民団中央本部はこのほど文部科学省を訪れ、91年以降、「期限を附さない常勤講師」として採用してきた外国籍教員を羈束的に教諭とするよう求める高木義明文部科学相宛ての「要望書」を提出した。併せて、外国籍教員の管理職任用試験の受験を認めるよう求めている。
韓日両国外相が91年1月、在日韓国人の公立学校教員採用への途を開いた「覚書」を交わしてから今年で20年。この間、在日韓国人教員の身分の安定や待遇に配慮するとした「覚書」の精神に反して、外国籍教員を教諭として採用してきた愛知県、三重県、滋賀県、大阪府、京都府、兵庫県、大阪市、京都市などでは「期限を附さない常勤講師」としてのみ採用するといった後退現象が続出している。

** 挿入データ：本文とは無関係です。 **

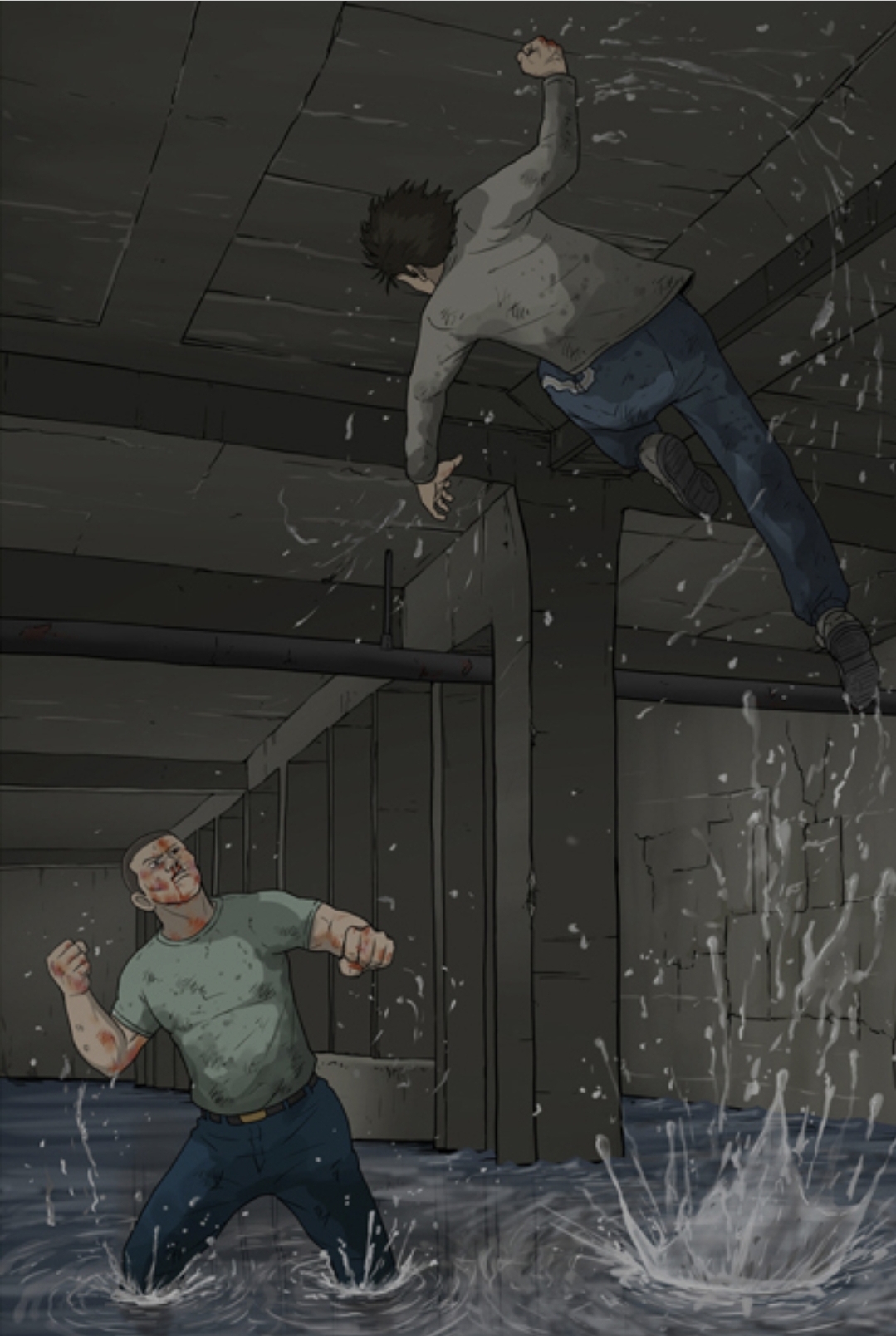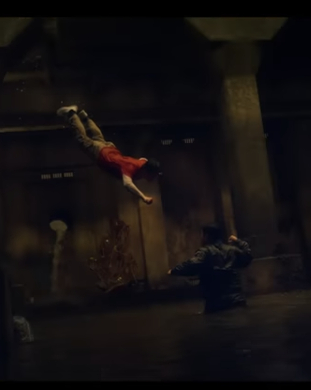 모텔에서 싸우다가 떨어지는 장주원과 깡패들

はなはだしくは主任・副主任として任命しながら、後になってこれを取り消させるということすら起きている。これは「覚書」の文面の中の「国籍による合理的な差異」のみを捉えたことによるもので、現場の教員からは「覚書」が締結されてから身分が後退したといった不満が出ていた。
文科省に要望書を提出した民族教育委員会の李秀夫委員長ら民団の代表団は、これらの問題について話し合いの場を設けるよう訴えた。